On Wed, 10 Feb 2016 17:37:30 +0100, Bernd Schmidt <bschmidt@redhat.com> wrote:
> On 02/10/2016 05:23 PM, Thomas Schwinge wrote:
> > Why?  A user of GCC has no intrinsic interest in getting OpenACC kernels
> > constructs' code offloaded; the user wants his code to execute as fast as
> > possible.
> >
> > If you consider the whole of OpenACC kernels code offloading as a
> > compiler optimization, then it's fine for GCC to abort this
> > "optimization" if it's reasonably clear that this transformation (code
> > offloading) will not be profitable -- just like what GCC does with other
> > possible code optimizations/transformations.
> 
> Yes, but if a single kernel (which might not even get executed at 
> run-time) can inhibit offloading for the whole program, then we're not 
> making an intelligent decision, and IMO violating user expectations. 

Sure, I agree it's a pretty "rough-grained" decision.  (Owed to the
non-shared-memory offloading architecture -- shared-memory offloading
indeed can make such decisions case by case.)

> IIUC it's also disabling offloading for parallels rather than just 
> kernels, which we previously said shouldn't happen.

Ah, you're talking about mixed OpenACC parallel/kernels codes -- I
understood the earlier discussion to apply to parallel-only codes, where
the "avoid offloading" flag will never be set.  In mixed parallel/kernels
code with one un-parallelized kernels construct, offloading would also
(have to be) disabled for the parallel constructs (for the same data
consistency reasons explained before).  The majority of codes I've seen
use either parallel or kernels constructs, typically not both.

> > As I've said before,
> > profiling the execution times of several real-world codes has shown that
> > under the assumtion that parloops fails to parallelize one kernel (one
> > out of possibly many), this one kernel has always been a "hot spot", and
> > avoiding offloading in this case has always helped prevent performance
> > degradation below host-fallback performance.
> 
> IMO a warning for the specific kernel that's problematic would be better 

That's something Tom suggested,
<http://news.gmane.org/find-root.php?message_id=%3C569D2059.4010105%40mentor.com%3E>,
and which motivated my patch, in going one step further:

> so that users can selectively apply -fopenacc to files where it is 
> profitable.

This puts it into the hands of the user to selectively mark kernels
constructs as suitable for GCC's current parloops processing (for
example, by disabling OpenACC/offloading on a per-file basis) -- which is
something we wanted to avoid, given the idea that in the future, GCC will
improve, and will be able to handle kernels constructs better, and the
user would then have to re-visit/un-do their earlier changes with each
GCC release, instead of just recompiling their code.

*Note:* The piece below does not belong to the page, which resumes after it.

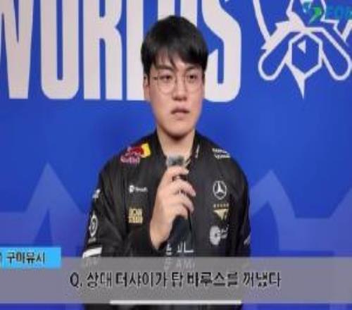 Gumayusi:我们一看对面是上单韦鲁斯就决定我去上路跟他打,TheShy选手的上路AD很有名嘛,我很紧张也玩得很有趣,很感谢他用了T1的韦鲁斯冠军皮肤

> > It's of course unfortunate that we have to disable our offloading
> > machinery for a lot of codes using OpenACC kernels, but given the current
> > state of OpenACC kernels parallelization analysis (parloops), doing so is
> > still profitable for a user, compared to regressed performance with
> > single-threaded offloaded execution.
> 
> How often does this occur on real-world code?

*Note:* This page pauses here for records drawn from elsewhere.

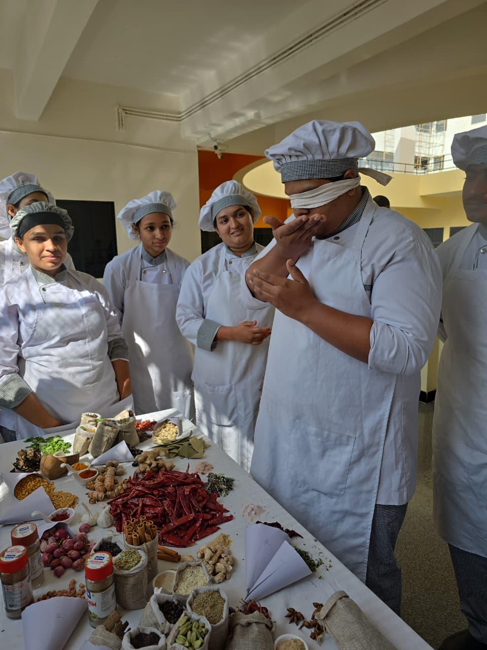 A key attraction of the event was the blindfolded spice identification activity, which tested participants’ sensory skills by challenging them to recognize spices using smell and touch alone. This hands-on experience encouraged students to rely on their olfactory senses, reinforcing the importance of ingredient knowledge in culinary and hospitality operations.
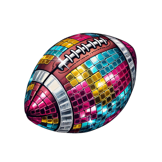 A vibrant, disco-themed football featuring colorful mirrored tiles in pink, blue, and yellow for a fun, eye-catching design.dtf regular iron
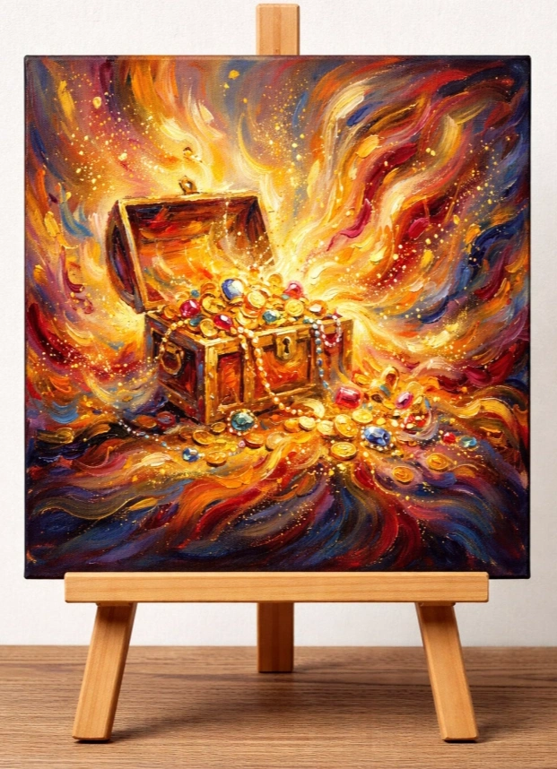 — Сундук с сокровищами в абстрактной манере станет символом твоих скрытых резервов и магнитом для удачи.

Quite a lot for code using the kernels construct, as discussed before,
given that parloops fails to handle a lot of constructs in real-world
code.

> Will we end up supporting 
> OpenACC by not doing offloading at all in the usual case?

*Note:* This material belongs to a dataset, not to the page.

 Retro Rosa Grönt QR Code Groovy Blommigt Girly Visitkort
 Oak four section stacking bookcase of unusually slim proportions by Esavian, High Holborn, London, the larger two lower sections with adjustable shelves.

This whole discussion does not at all apply to the body of OpenACC code
using the parallel instead of the kernels construct, which will be
parallelized/offloaded just fine.

> The way you 
> describe it, it sounds like we should recommend that -fopenacc not be 
> used in gcc-6 and restore the previous invoke.texi langauge that marks 
> it as experimental.

Huh?  Like, at random, discouraging users from using GCC's SIMD
vectorizer just because that one fails to vectorize some code that it
could/should vectorize?  (Of course, I'm well aware that GCC's SIMD
vectorizer is much more mature than the OpenACC kernels/parloops
handling; it's seen many more years of development.)

Certainly we should document that there is still a lot of room for
improvement in OpenACC kernels handling (just like it's the case for a
lot of other generic compiler optimizations) -- and we're doing exactly
that on <https://gcc.gnu.org/wiki/OpenACC>.  I don't follow how that
translates to discouraging use of -fopenacc however?